## [ACTIVITY]
Give back every line of the data exactly. Pictures are not part of the copy.

:: DATA EXTRACT

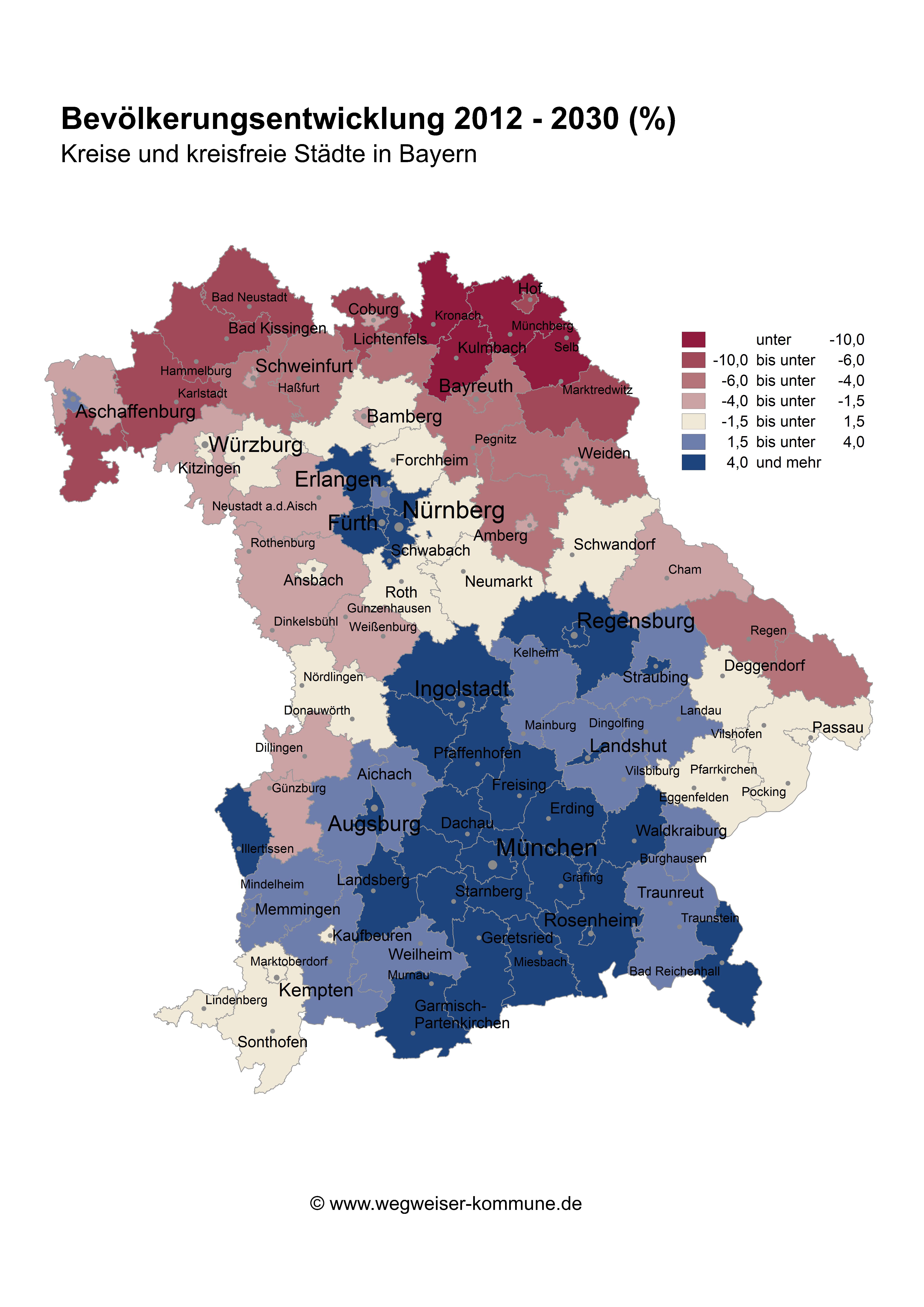 Vor allem für viele Gemeinden im ländlichen Raum dürften die Folgen des Bevölkerungsrückgangs dramatisch werden. In Hoyerswerda (Kreis Bautzen), Bitterfeld-Wolfen (Kreis Anhalt-Bitterfeld), Gräfenhainichen (Kreis Wittenberg) oder Roßleben (Kyffhäuserkreis) wohnen 2030 gut 26 Prozent weniger Menschen als 2012. Unterföhring, Feldkirchen (beide Kreis München), Ilvesheim (Rhein-Neckar-Kreis) und Teltow (Kreis Potsdam-Mittelmark) hingegen erwarten einen Anstieg der Einwohnerzahl um mehr als ein Viertel. Generell setzt sich der Trend fort: Städtische Regionen wachsen, der ländliche Raum verliert. Brigitte Mohn, Vorstand der Bertelsmann Stiftung: "Es wird für die schrumpfenden und alternden Regionen immer schwieriger, eine gute Infrastruktur zu gewährleisten." Die zentrale Herausforderung sei, auch in einwohnerschwachen Regionen flexible Mobilitätsangebote, schnelles Internet und eine angemessene Gesundheitsversorgung in erreichbarer Nähe anzubieten.
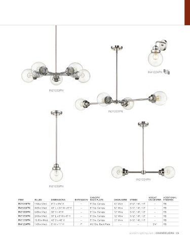 ITEM BULBS DIMENSIONS EXTENSION BACK PLATE CHAIN/WIRE STEMS ON CENTER FINISHES
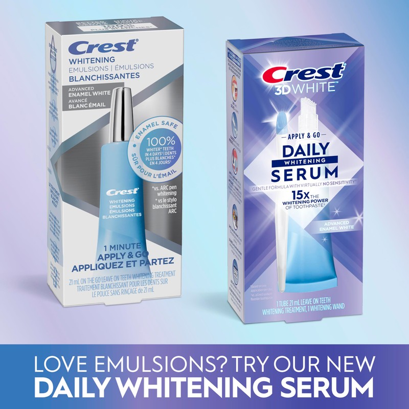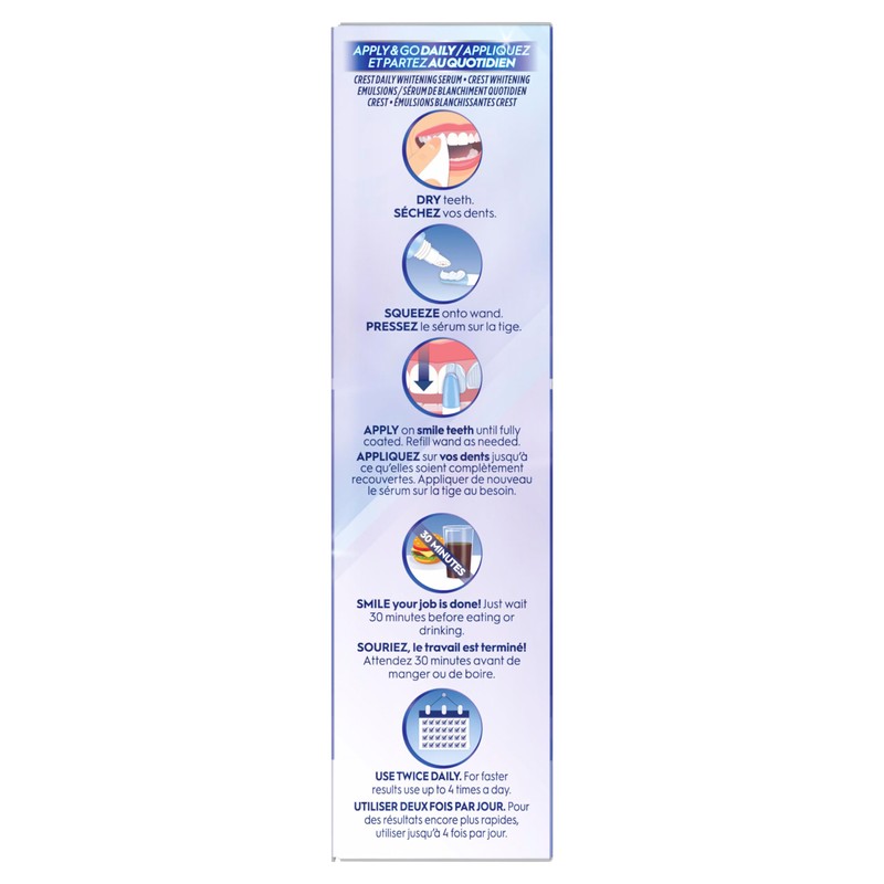 If you liked Crest Whitening Emulsions you will love Crest 3DWhite Advanced Enamel White Daily Whitening Serum. The Daily Whitening Serum swipes on easily and its gentle formula provides virtually no sensitivity. Crest 3DWhite Advanced Enamel White has 15x the whitening power of toothpaste and is enamel safe for daily use, no rinsing or brushing required. Use twice daily. For faster results use up to 4x a day! Just squeeze, swipe, smile, and forget the stains. Get 100% whiter teeth in 4 days with Crest 3DWhite Daily Whitening Serum.based on one application per dayvs. a Crest sodium fluoride toothpastevs. ARC pen whitening apply 4x/day
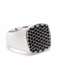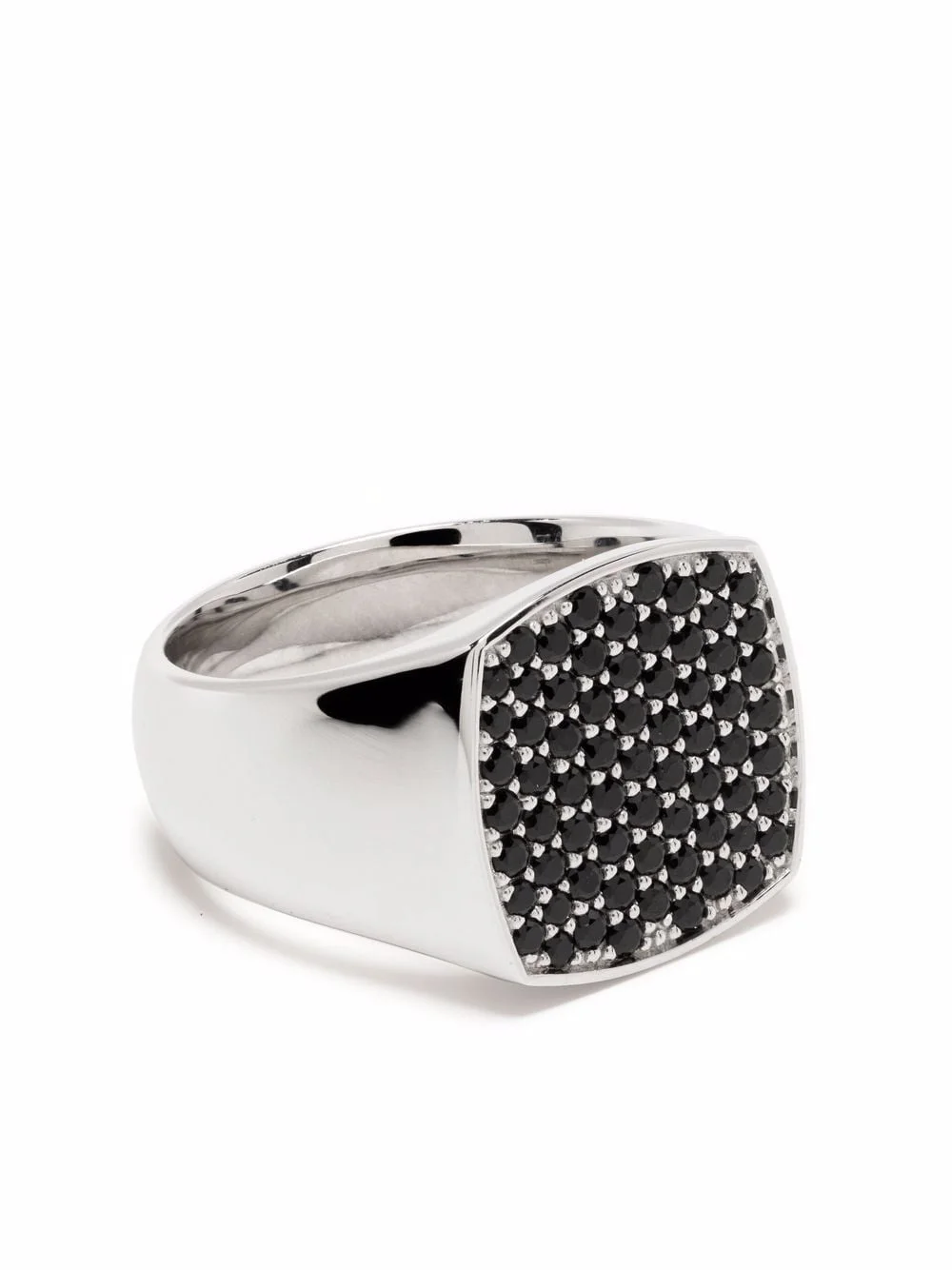 Cushion spinel-embellished signet ring Tom Wood highlights the cushion shape of this sterling silver ring - a brand signature - by encrusting it with 67 hand-set spinel stones. Imported SIZE & FIT Model measurements Height 6 ft 1 in(1.85 m) Bust/Chest 37.79 in(96 cm) Hips 37.4 in(95 cm) Waist 30.7 in(78 cm) Measurement Band Width 0.31 in(0.8 cm)

::::

## [SOLUTION TO THIS TASK]
 Vor allem für viele Gemeinden im ländlichen Raum dürften die Folgen des Bevölkerungsrückgangs dramatisch werden. In Hoyerswerda (Kreis Bautzen), Bitterfeld-Wolfen (Kreis Anhalt-Bitterfeld), Gräfenhainichen (Kreis Wittenberg) oder Roßleben (Kyffhäuserkreis) wohnen 2030 gut 26 Prozent weniger Menschen als 2012. Unterföhring, Feldkirchen (beide Kreis München), Ilvesheim (Rhein-Neckar-Kreis) und Teltow (Kreis Potsdam-Mittelmark) hingegen erwarten einen Anstieg der Einwohnerzahl um mehr als ein Viertel. Generell setzt sich der Trend fort: Städtische Regionen wachsen, der ländliche Raum verliert. Brigitte Mohn, Vorstand der Bertelsmann Stiftung: "Es wird für die schrumpfenden und alternden Regionen immer schwieriger, eine gute Infrastruktur zu gewährleisten." Die zentrale Herausforderung sei, auch in einwohnerschwachen Regionen flexible Mobilitätsangebote, schnelles Internet und eine angemessene Gesundheitsversorgung in erreichbarer Nähe anzubieten.
 ITEM BULBS DIMENSIONS EXTENSION BACK PLATE CHAIN/WIRE STEMS ON CENTER FINISHES
 If you liked Crest Whitening Emulsions you will love Crest 3DWhite Advanced Enamel White Daily Whitening Serum. The Daily Whitening Serum swipes on easily and its gentle formula provides virtually no sensitivity. Crest 3DWhite Advanced Enamel White has 15x the whitening power of toothpaste and is enamel safe for daily use, no rinsing or brushing required. Use twice daily. For faster results use up to 4x a day! Just squeeze, swipe, smile, and forget the stains. Get 100% whiter teeth in 4 days with Crest 3DWhite Daily Whitening Serum.based on one application per dayvs. a Crest sodium fluoride toothpastevs. ARC pen whitening apply 4x/day
 Cushion spinel-embellished signet ring Tom Wood highlights the cushion shape of this sterling silver ring - a brand signature - by encrusting it with 67 hand-set spinel stones. Imported SIZE & FIT Model measurements Height 6 ft 1 in(1.85 m) Bust/Chest 37.79 in(96 cm) Hips 37.4 in(95 cm) Waist 30.7 in(78 cm) Measurement Band Width 0.31 in(0.8 cm)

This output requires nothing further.